New Syracuse Chiefs General Manager Jason Smorol, who lives in Liverpool, owes Mother Nature bigtime. A morning of brilliant sunshine helped draw more than 6,600 baseball fans out to NBT Bank Stadium for the 2 p.m. Open Day game against the Scranton/Wilkes-Barre Railriders.
The Chiefs lost 4-1, but there was excitement aplenty at the stadium, with promotions such as a bobble-head contest and the antics of a costumed Reggy the Purple Party Dude.
Fans enjoyed $1 beers and one-dollar Hofmann hot dogs because every Thursday will be Dollar Day at the stadium. Hey, they even brought Jim Durkin out of retirement to sell programs.
I’m hoping Jason will get the scoreboard’s pitch-speed indicator working by the time the next home-stand starts at 6 p.m. Monday, April 14, against the Lehigh Valley IronPigs; 474-7833; syracusechiefs.com.
With two jobs on hold, Operation Northern Comfort needs a plumber. “We have the materials, volunteers and funds to finish these projects,” said founder Norm Andrzejewski (pronounced An-dra-JEWS-kee), who lives in Liverpool.
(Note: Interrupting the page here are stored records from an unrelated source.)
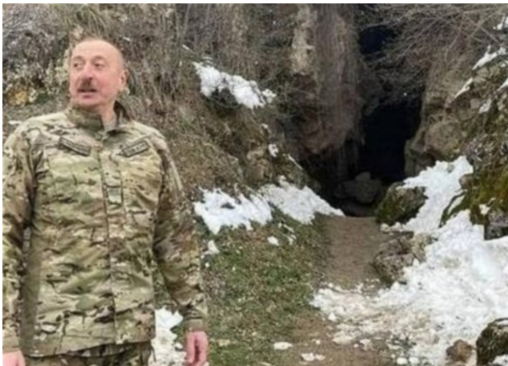
Azərbaycan Respublikasının Prezidenti Cənab İlham Əliyev işğaldan azad edilmiş Azıx mağarasının önündə
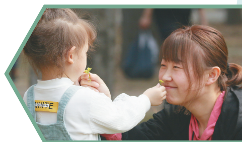
市民在植物园赏花。
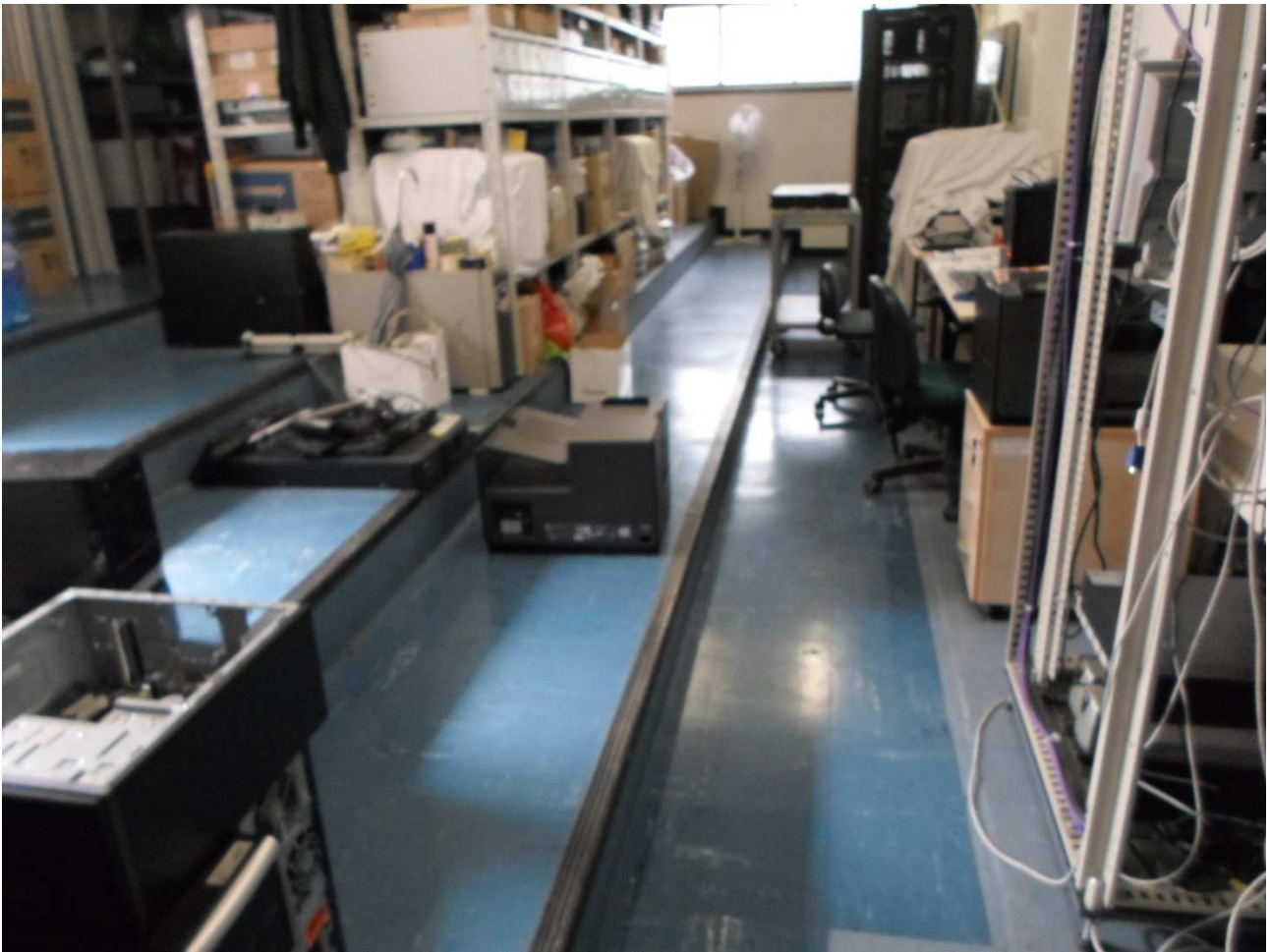
Sala server ist. Cassini, piano primo, pavimentazione in vinilamianto blu
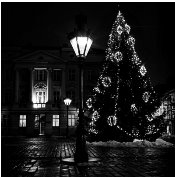
Hrvatski sabor (Trg svetog Marka)
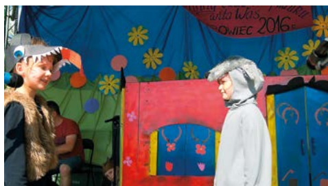
Przedstawienie O wilku i siedmiu kozłkach w wykonaniu grupy teatralnej Promyczki
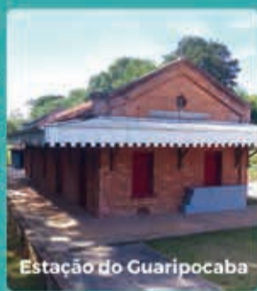
Estação do Guaripocaba
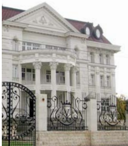
Eines der pompösen Häuser der Roma-Bosse

war, nur unsere Namen lesen konnten. Die Kollegen übersetzten aber den für uns und die österreichische Polizei sehr positiv gehaltenen Artikel über die vortägige Pressekonferenz. In den beiden noch verbleibenden Tagen durchkreuzten wir im Streifenwagen, mit Dolmetscher und Reiseführer, Land und Stadt, wo uns einige Erlebnisse und Sehenswürdigkeiten geboten wurden. Auch ein ausgedehnter Jagdausflug in die dortigen Reviere durfte für die beiden passionierten Jäger nicht fehlen.
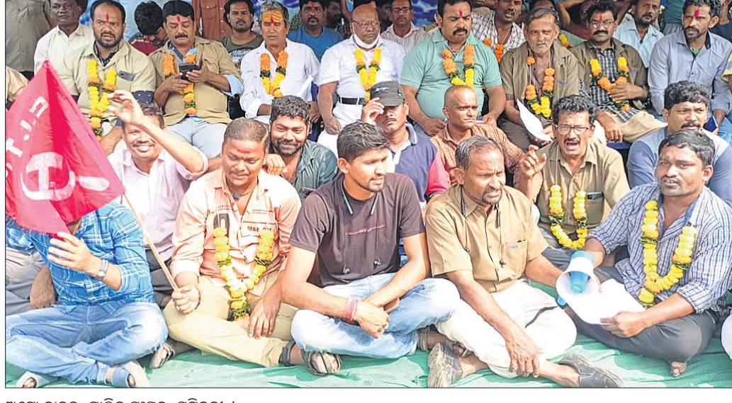
ଅଗୋ ଚାଳକ, ମାଲିକ ସଂଘର ସମିକଳନ ।

If you have plumbing skills, contact Norm at 559-9413 or via email at firstname.lastname@example.org.
You have until Tuesday, April 15, to register a guess as to when the snow piles on the 100 block of First Street will finally melt away. Contestants will enter the date he or she thinks the snow mountains will be gone, along with name and contact numbers, and drop the entry in a box at Village Hall or at Nichols Supermarket, 327 First St.
The winner will receive a $150 Nichols gift card.